Abstract
The concept of transactive energy (TE) in smart grid systems is gaining increased research attention for its potential to optimize distributed energy resources, improve system reliability, as well as provide a balanced ecosystem for fair economic transaction between prosumers. TE is defined by the GridWise Architecture Council as a system of economic and control mechanisms that allows the dynamic balance of supply and demand across the entire electrical infrastructure using value as a key operational parameter. With control mechanisms being a key part of TE systems, in this article, we discuss the state-of-the-art in TE control strategies, architectures, and relevant simulators for designing, evaluating, and analysing TE systems.

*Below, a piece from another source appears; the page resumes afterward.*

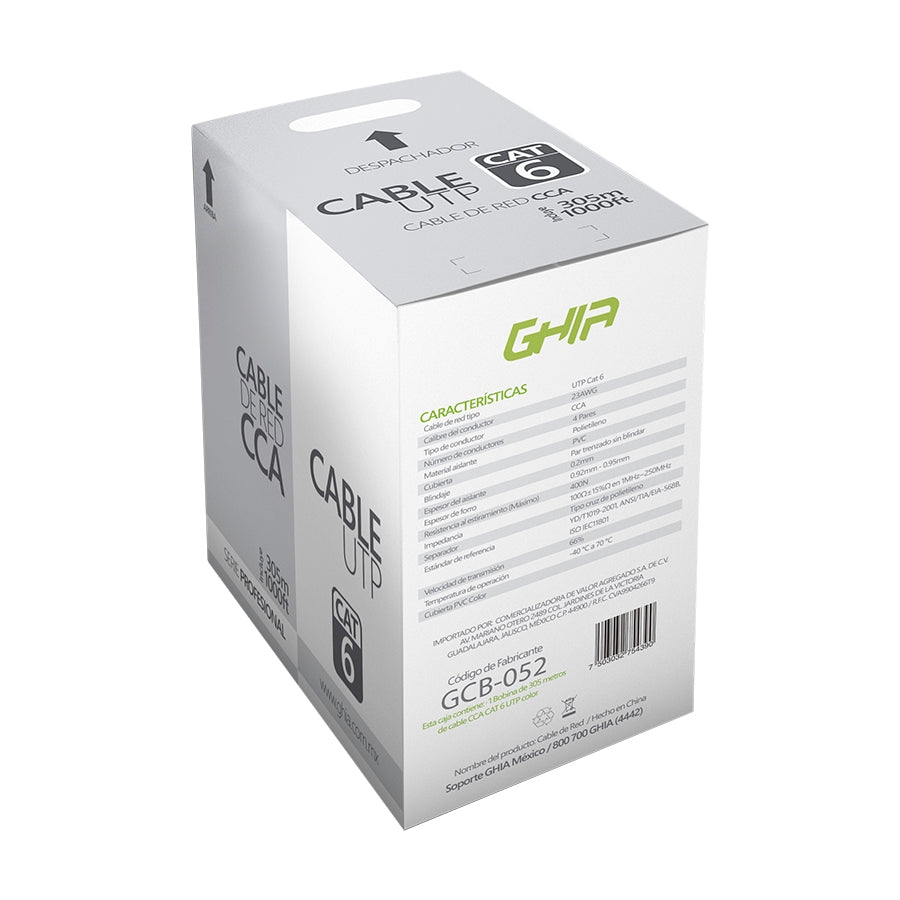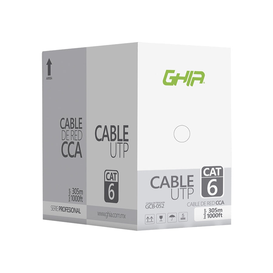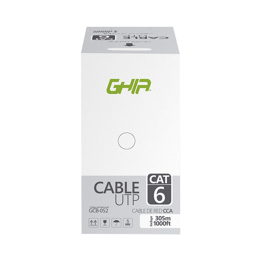 Bobina De Cable Marca Ghia Cat6 Utp Cca Color Blanco 23 Awg Utp 305m 1000ft Certificacin Ce, Rohs
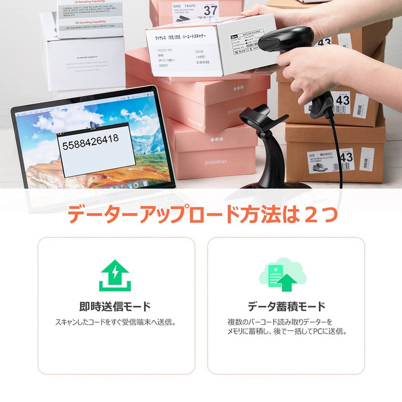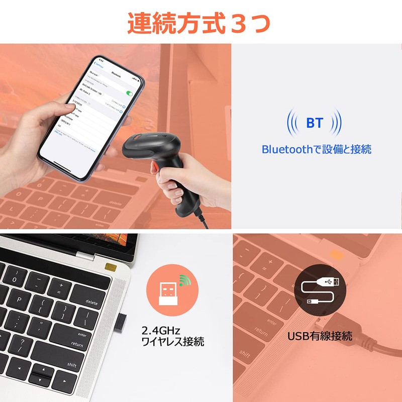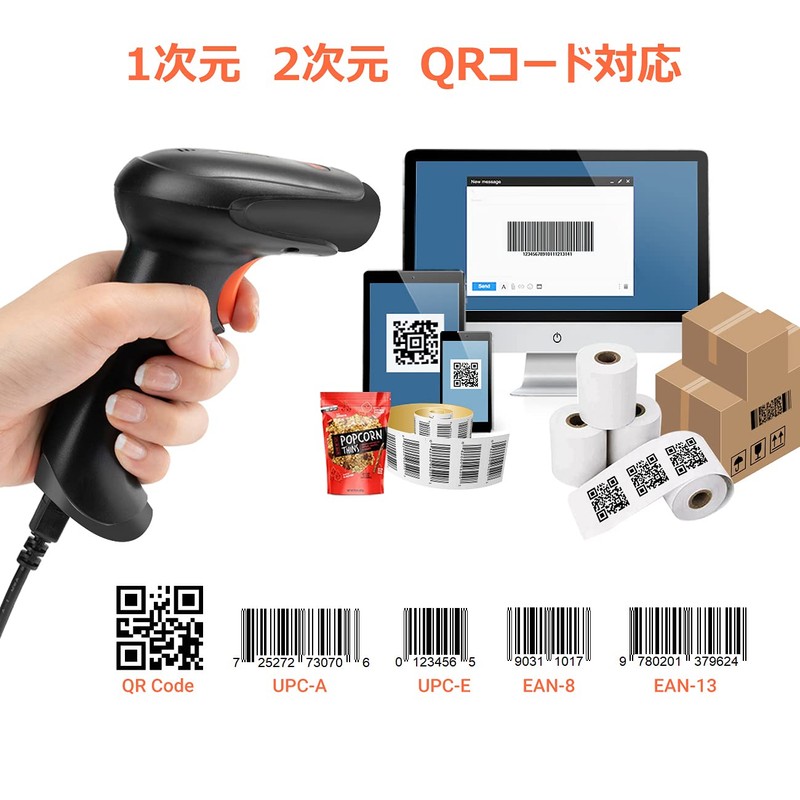 • [Uses CMOS technology] ^&^[Vibration Function] - Not only can it be used to read 1D barcodes, but also 2D QR codes. You can also read barcodes displayed on smartphones, tablets and PC screens, and even damaged barcodes such as scuffs and dirt printed on labels. (Equipped with Vibration Function) Even if the buzzer sound is turned off in the office or library, it can be read and confirmed by vibrations even in places where noise cannot be seen by factories, etc

Most importantly, existing TE control strategies are examined and discussed via a hierarchical structure comprising four different levels wherein TE control strategies/controllers can be deployed. Architecture-wise, we highlight the different types of TE architectures including the centralized, decentralized, distributed, and hierarchical architecture. In terms of existing and potential simulators for designing and evaluating TE models, we discuss and compare notable software across different characteristics of interest. We conclude this article by highlighting the basic components of a typical TE controller and other future research directions spanning across security concerns, privacy issues, communication challenges, simulation and validation demands. As a main contribution, different from existing survey articles, this article presents a synthesis of existing works regarding TE control strategies, architectures, and TE-based simulators for the benefit of the budding researcher whose interest may lie in the study of TE systems.
Highlights
Since the early 2000s, many private and public electric utilities around the world have been steadily migrating from traditional power grid systems to the more enterprising concept of smart grid (SG) networks [1]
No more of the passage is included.